Literature DB >> 8827851

Neuropsychological dysfunction in parents of schizophrenics.

J G Harris1, L E Adler, D A Young, C M Cullum, L M Rilling, A Cicerello, P M Intemann, R Freedman.   

Abstract

Neuropsychological measures designed to examine aspects of attention, learning efficiency, and memory were investigated in 14 schizophrenic probands, their 28 parents, and 18 normal individuals. Probands performed at levels significantly below normals on measures of attention and of learning efficiency and performed below their parents on a subset of the same measures. Eight families had one parent with a personal or ancestral pedigree history consistent with schizophrenia; the other parent's personal and ancestral history was negative for schizophrenia. In these families, the probands were significantly different from the negative-history parents, but not the positive-history parents on an aggregate index of attention. Schizophrenics were significantly different from both the positive- and negative-history parents on an aggregate index of learning efficiency.

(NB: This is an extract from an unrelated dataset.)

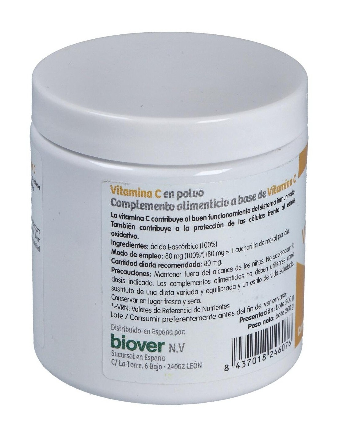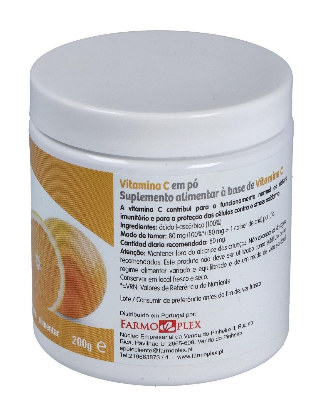 Complemento alimenticio a base de vitamina C (Ácido l-ascórbico) 100%. El producto presenta envase de 200g de contenido neto. El producto facilita la suplementación del organismo con vitamina, la cual contribuye a la formación normal de colágeno para el metabolismo energético normal. Funcionamiento normal de los vasos sanguíneos, huesos, cartílagos, encías, dientes y piel, e inclusive al funcionamiento normal del sistema nervioso y a la función psicológica normal.
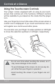 Controls at a Glance Using the Touchscreen Controls Your player comes equipped with an easy-to-use touchscreen that controls all of its functions. Different controls will be available to you based on the mode that the player is in. Use your finger tip to touch the area of the screen where a control icon is displayed. If you touch and hold an icon, it will register as a continuous button press.

These results extend previous findings of specific neuropsychological dysfunction in attention and learning in schizophrenics to show that some of the deficits are present in a subgroup of their parents, those who are likely carriers of genes conveying risk for schizophrenia. The data suggest that a heritable component of the neuropsychological deficit is a primary dysfunction in attention, and that a secondary or additional deficit in learning may be evident in family members who actually express the disorder of schizophrenia.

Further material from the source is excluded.